Pollard's supporters argue that he could not have committed "treason" as both Israel and the US are allies. They say that Pollard fully co-operated with a subsequent investigation, only to receive an unduly harsh sentence.
Mrs Pollard says that the refusal to release her husband is politically motivated and that the US is using him as "bargaining chip".
"At every single juncture my husband's plight is exploited for political gain," she told BBC News.
"Both the US administration and the state department are very aware of his value to the Israeli public."
The documents that Pollard leaked have never been made public for intelligence reasons.

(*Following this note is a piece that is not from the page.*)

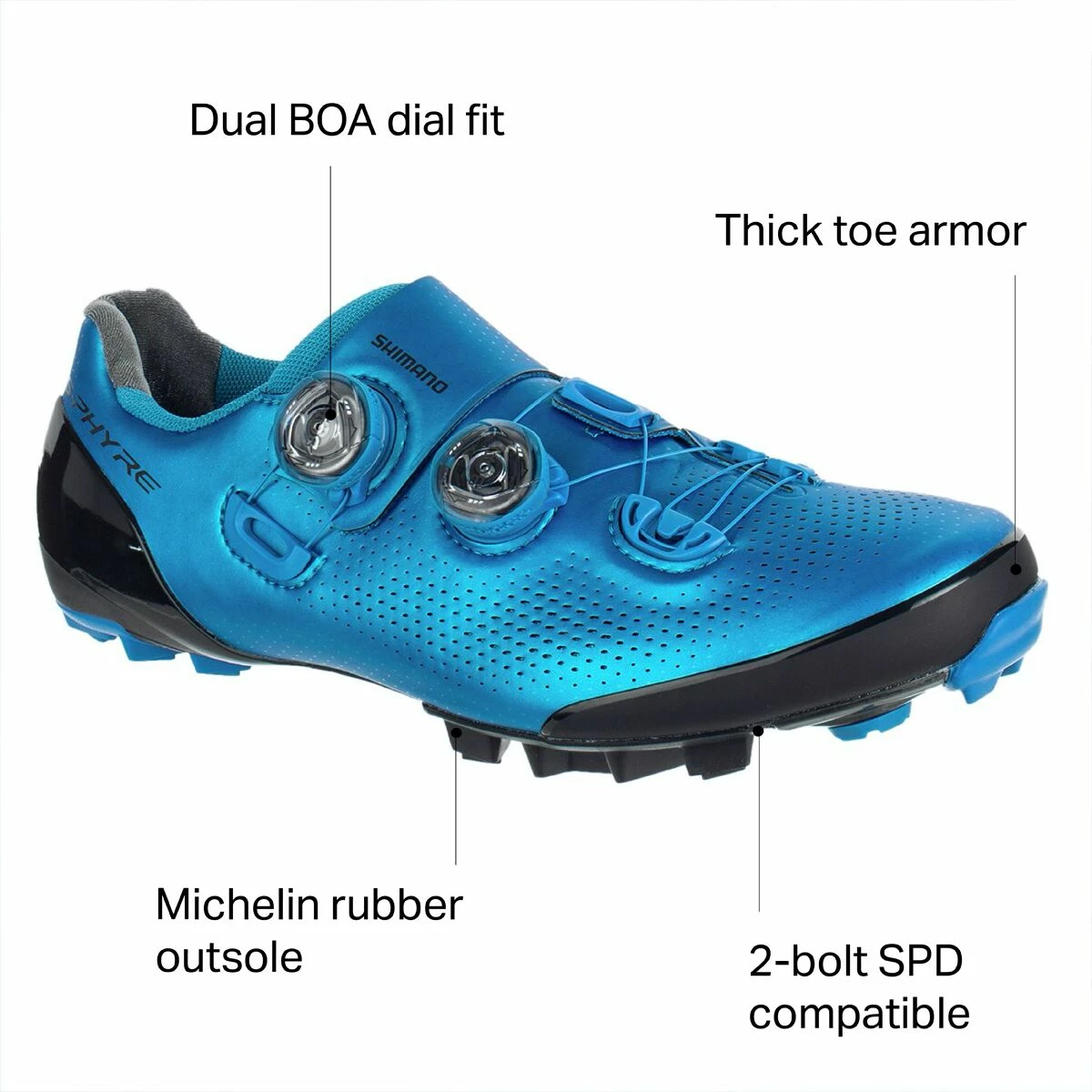 When we glance at the starting line of a World Cup cyclocross or cross-country race, we often notice the flashing silver or bright blue Shimano SH-XC9 on various rider’s feet, eagerly waiting to clip in when the whistle blows and head to the front to string the field out. It’s for good reason too, because if you’ve ever gotten a pair of these shoes in your hands, or better yet, on your feet, you’ll experience that world-class fit, low weight, and efficiency that the pros count on to earn a paycheck. No doubt, these shoes are designed to help you pedal at your best to get you across the finish line faster, however it means nothing if your feet are in agony. Shimano shoes are perennial favorites here in the office and these XC9s receive some light updates since Shimano first launched its S-Phyre lineup—notably a more perforated upper that improves the fit and breathability, and then beefier armor at the toe box.

But they were said to include information on Soviet arm shipments to Syria, Iraqi and Syrian chemical weapons, the Pakistani atomic bomb and Libyan air defences, according to the author and journalist Wolf Blitzer in his book Territory of Lies.
While Pollard's supporters seek to play down his actions, many American officials regard him as a traitor and as a man who seriously damaged US security interests.
Ron Olive, the agent in charge of counterintelligence for the Naval Investigative Service at the time of Pollard's arrest, told the BBC that the incident was "one of the most devastating cases of espionage in US history" during which Pollard stole over "one million classified documents".
"Even though Israel is an ally, it had friends that aren't necessarily friend of the US," said Mr Olive, who wrote a book about the case, Capturing Jonathan Pollard.
He argues that all countries' intelligence services are susceptible to penetration, including Israel.
"We have to assume that not only did the intelligence go to Israel but that it went to other countries as well," he added.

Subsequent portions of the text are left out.